Recorded data
□ □ □

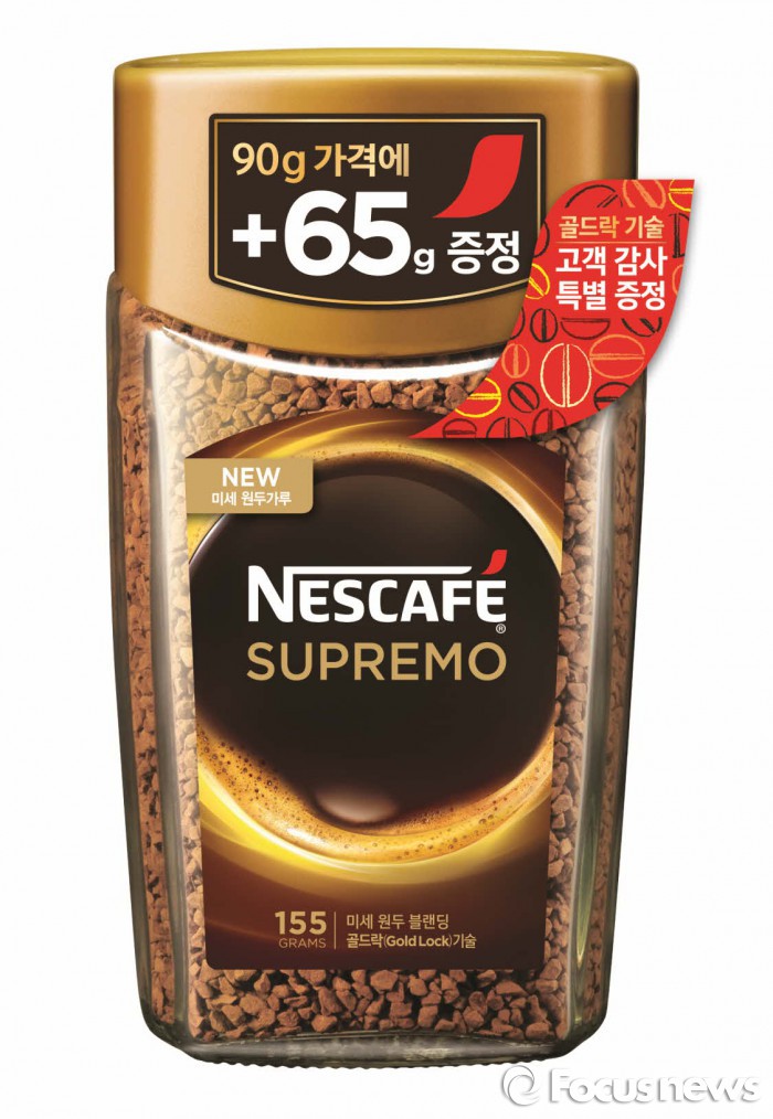 (서울=포커스뉴스) 롯데네슬레코리아는 ‘네스카페 수프리모’를 155g의 대용량으로 구성한 ‘네스카페 수프리모 점보 에디션’을 21일 한정수량 출시했다.
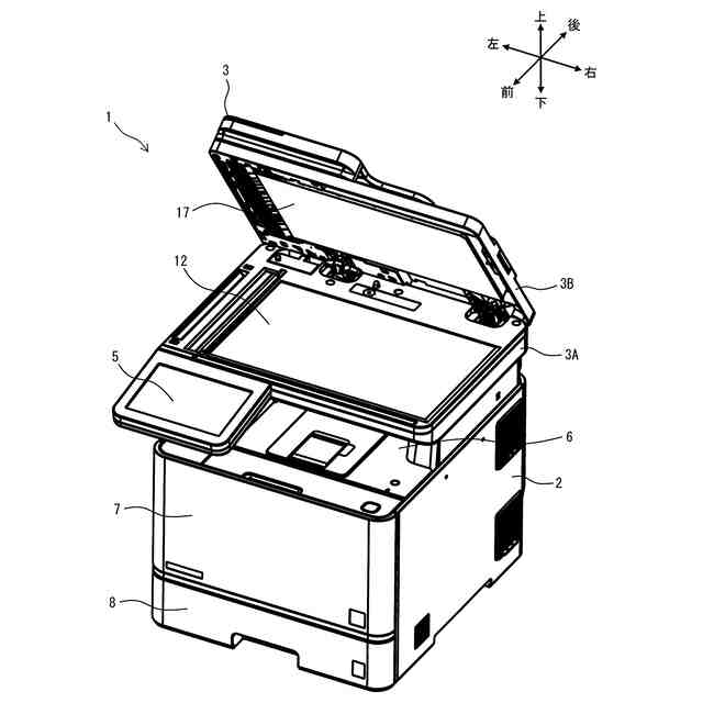 実施形態に係る複合機の自動原稿搬送部が開いた状態の外観構成の一例を表す斜視図である。
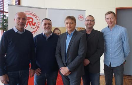 Das neugewählte TRV-Präsidium (v.l.): Marian Koppe (Vizepräsident Marketing/Kommunikation/FSV Thüringia), Rainer Gerth (Vizepräsident Finanzen/RSV Sonneberg), Uwe Jahn (Präsident/1. RSV 1886 Greiz), Knut Wesser (Vizepräsident Hallenradsport/Blau-Gelb Ehrenberg), Lucas Schädlich (Vorsitzender der Thüringer Radsportjugend/SSV Gera 1990).
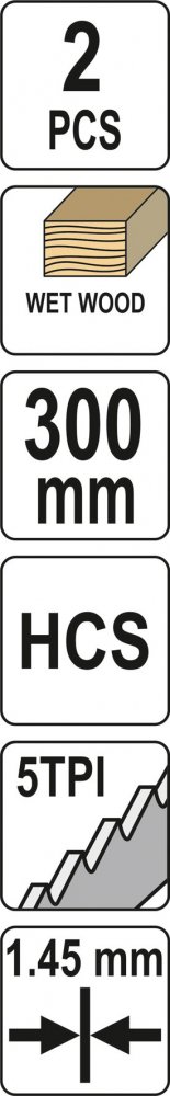 Pilové listy vhodné pro řezání dřeva.Vyrobeno z kvalitní oceli (HCS) se standartním úchytem.Různé velikosti zubů umožňují snadné a rychlé řezání.Technická data délka300mm tloušťka1,45mm rozteč zubů5 TPI sada2ks Celý popis
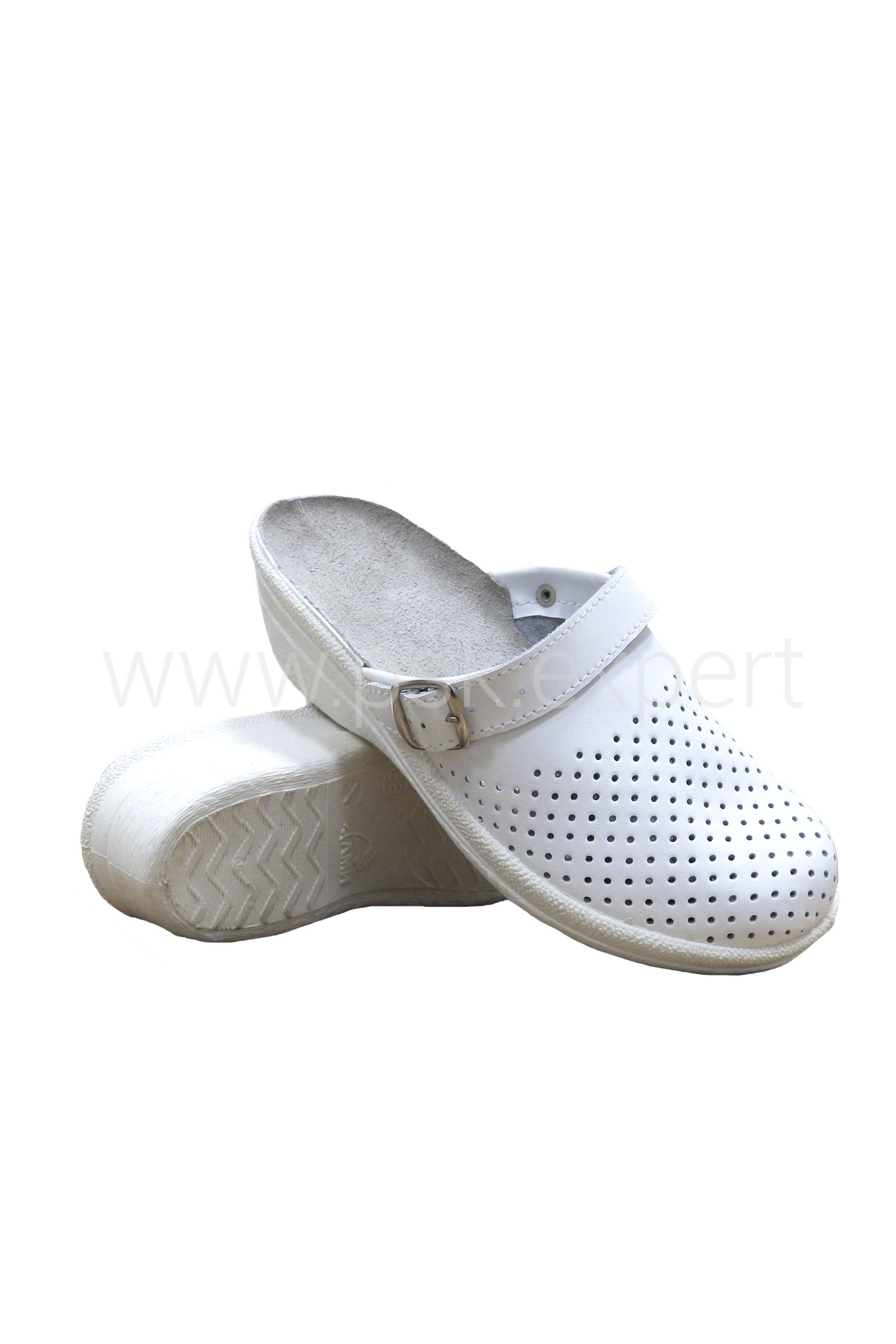Сабо классической модели из натуральной кожи с перфорацией верха (союзки), обеспечивающей эффективный воздухообмен. Широкая, удобная колодка в носочной части. Эластичная и износоустойчивая подошва из ПВХ. Ремешок для регулировки объема и плотной фиксации стопы, при желании может использоваться в двух положениях. Внутренняя стелька выполнена целиком из натуральной кожи. Модель может использоваться в медицине, сферах обслуживания и в повседневной носке.
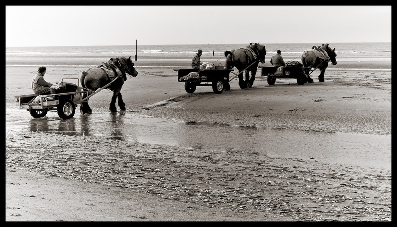 à la pêche aux crevettes avec de beaux brabançons ! j'adore cette image qui rappelle que tout les métiers peuvent subsister !
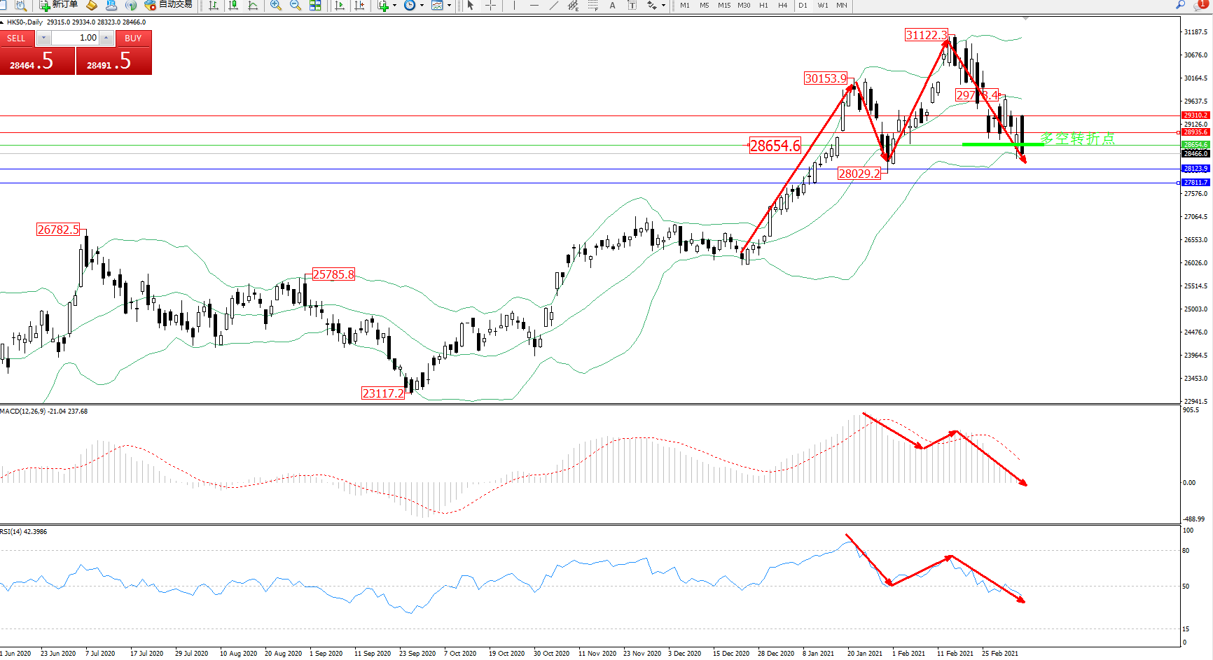 技术点评:多头动力延续布林带指标通道中上轨区间持续震荡上扬后,高位抵达31122位置后遇阻出现反转震荡下行,触及布林带指标下轨附近节点后开始宽幅震荡,空头动力有进一步向下移动态势,且跌势未见止步迹象,MACD指标处于多头区域高位维持震荡下行,触及0轴线后有进一步向下移动态势,RSI指标处于50均衡线附近弱势整理后不断下移中;
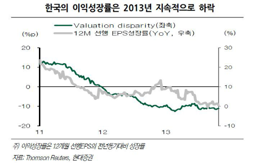 한국 기업의 평균 이익성장률이 감소하는 가장 근본적 이유는 업황 둔화도 있지만 환율의 하락세가 주된 원인이다. 그리고 환율 하락에 대한 반영은 이미 충분히 이뤄지고 있다고 보여진다. 한국 기업의 실적 전망치 하향은 3단계에 걸쳐 이뤄졌다. 환율 반영을 거치며 실적 전망치 하향이 수차례 이뤄졌다는 것은 향후 기업 실적에 대한 기대치가 그만큼 낮아져 있다는 의미다.
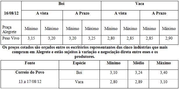 Os preços vigentes no mercado agropecuário desta semana atingiram as seguintes cotações médias
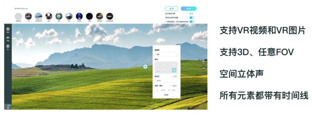 VeeR 联合创始人兼 CPO 陈婧姝介绍,在 VeeR 创造者能够轻松制造全景周游、互动视频、分支剧情等多种形式的 VR 互动内容。现在,渠道支撑以 VR 视频及 VR 图片为场景进行互动体会修改,创造者能够在时刻线上按需求增加空间音频、热门以及支撑各类 2D 前言及外链的卡片。
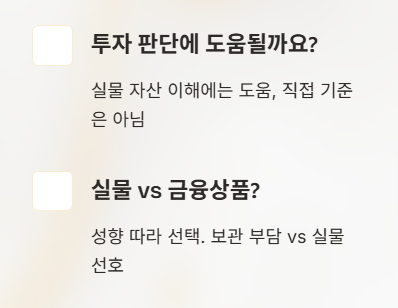 직접적인 투자 기준은 아니지만, 금이 ‘실물 자산’이라는 점을 이해하는 데는 도움이 됩니다.
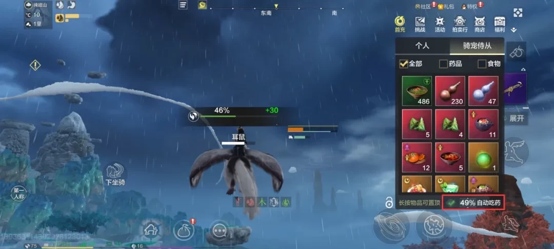 在给宠物喂食时,能够批量投喂经验丹、食物以及化育丹;而在宠物喂食的快捷面板里,不仅可以锁定该面板,还能通过长按食物或药品来将其置顶,同时也能够自行设置当宠物血量低于某个数值时自动服用药品。
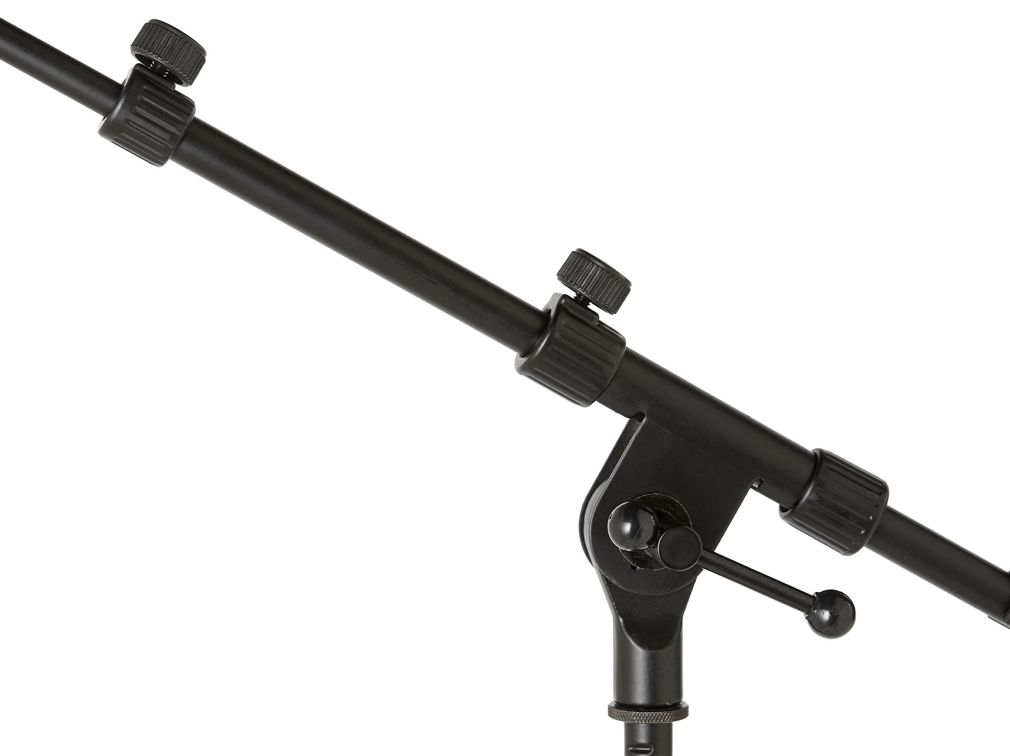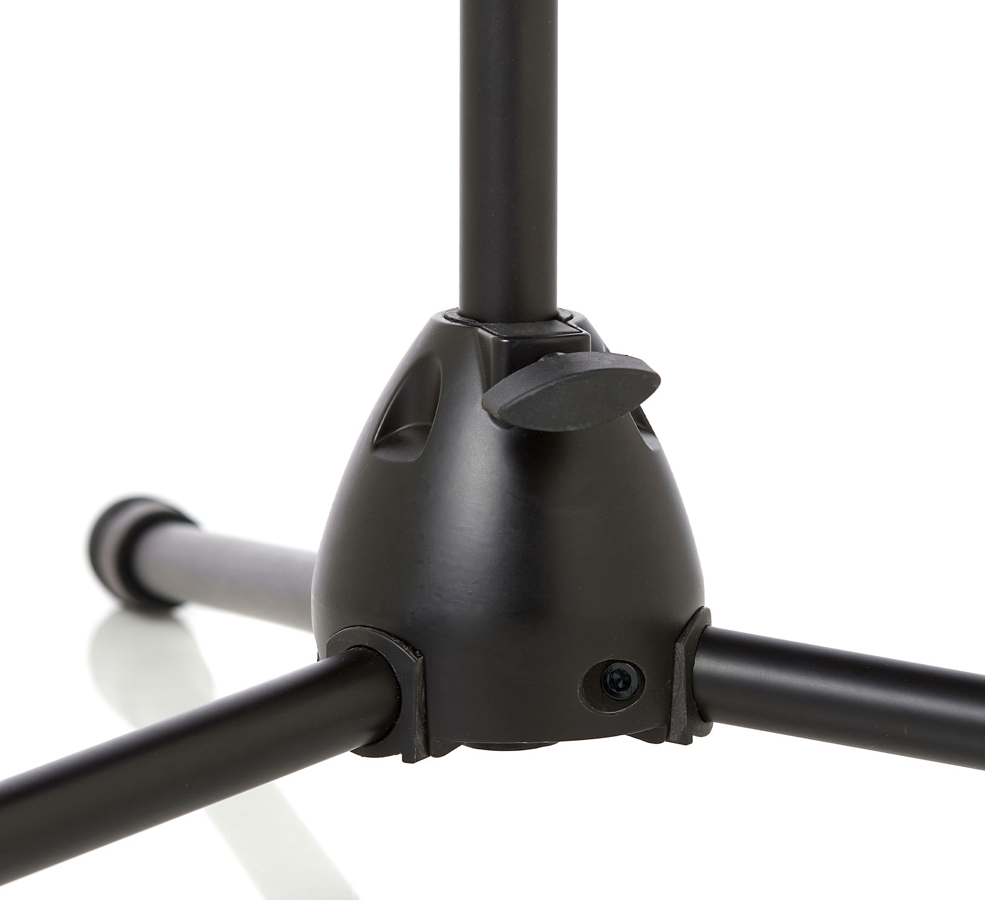 Mikrofónny stojan Profesionálny mikrofónový stojan s teleskopickým ramenom (rozsah 49 – 86 cm), stredovým kĺbom, kovovou základňou, ergonomickou spojkou a protizávažím zo zaťaženého nylonu. Nohy sú vybavené antivibračnými gumovými podložkami. Vďaka svojej stabilite je stojan mimoriadne vhodný do každej situácie.
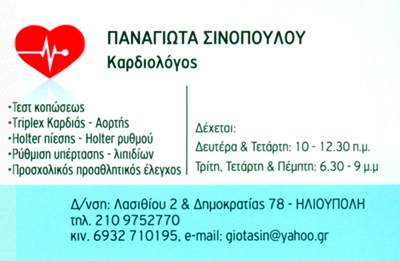 customer tabsΕπικοινωνίαΕιδικός ΚαρδιολόγοςΩράριο: Δευτέρα & Τετάρτη 10:00 -13:00Τρίτη - Τετάρτη - Πέμπτη 18:30 -21:00ΚαρδιολόγοιΥγείαΛασιθίου 2 & Δημοκρατίας 78, Ηλιούπολη, ΑττικήΑΘΗΝΑ ΑΤΤΙΚΗΣΑΤΤΙΚΗΣΤΕΡΕΑ ΕΛΛΑΔΑ 2109752770 6932710195giotasin@yahoo.gr Το προτείνω (έχει προταθεί 0 φορές) ΦωτογραφίεςFacebook LikeShare on FacebookTweet Widget
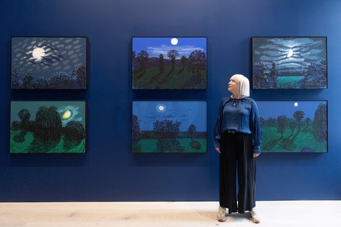 A staff member views (Clockwise L-R) - '8th April 2020, No.2', '7th May 2020, No. 2', '2nd May 2020', '3rd July 2020, No .1', '3rd July, No. 3' and '26th October 2020' by David Hockney as part of The 'David Hockney - Some Very, Very, Very New Paintings not yet Shown in Paris Press View' at Annely Juda Fine Art in London, England, UK on Thursday 06 November, 2025., Credit:Justin Ng / Avalon
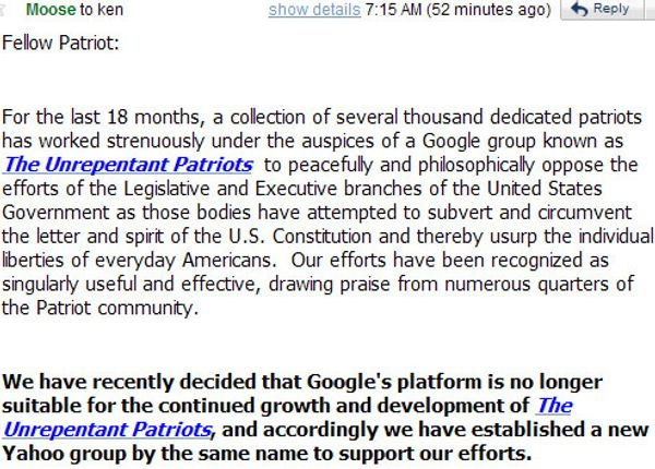 Much like the Day of Infamy when George Washington switched from AOL to Hotmail, March the Second of Year Two-Thousand and Ten will always be remembered as the day the Patriot Google group said "we hath taken too much!" and just cold went over to Yahoo groups. [ Patriotic Yahoo group ]
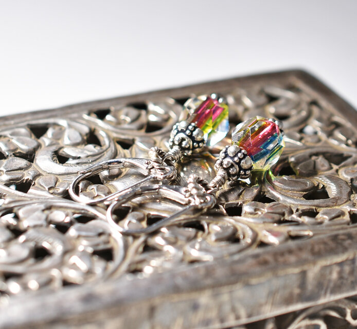 カットが美しいヴィンテージビーズとシルバービーズのピアス
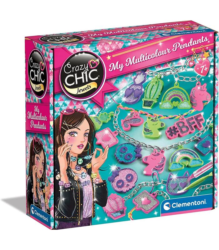 El juego contiene cadenitas y anillos de metal, colgantes con un diseño moderno y llamativo, cordón multicolor y purpurina de colores.

□ □ □

**Work to complete**:
Copy the records above from the first line through the line containing "Сабо классической модели", both included, and leave out any pictures.

**Exercise solution**:
 (서울=포커스뉴스) 롯데네슬레코리아는 ‘네스카페 수프리모’를 155g의 대용량으로 구성한 ‘네스카페 수프리모 점보 에디션’을 21일 한정수량 출시했다.
 実施形態に係る複合機の自動原稿搬送部が開いた状態の外観構成の一例を表す斜視図である。
 Das neugewählte TRV-Präsidium (v.l.): Marian Koppe (Vizepräsident Marketing/Kommunikation/FSV Thüringia), Rainer Gerth (Vizepräsident Finanzen/RSV Sonneberg), Uwe Jahn (Präsident/1. RSV 1886 Greiz), Knut Wesser (Vizepräsident Hallenradsport/Blau-Gelb Ehrenberg), Lucas Schädlich (Vorsitzender der Thüringer Radsportjugend/SSV Gera 1990).
 Pilové listy vhodné pro řezání dřeva.Vyrobeno z kvalitní oceli (HCS) se standartním úchytem.Různé velikosti zubů umožňují snadné a rychlé řezání.Technická data délka300mm tloušťka1,45mm rozteč zubů5 TPI sada2ks Celý popis
Сабо классической модели из натуральной кожи с перфорацией верха (союзки), обеспечивающей эффективный воздухообмен. Широкая, удобная колодка в носочной части. Эластичная и износоустойчивая подошва из ПВХ. Ремешок для регулировки объема и плотной фиксации стопы, при желании может использоваться в двух положениях. Внутренняя стелька выполнена целиком из натуральной кожи. Модель может использоваться в медицине, сферах обслуживания и в повседневной носке.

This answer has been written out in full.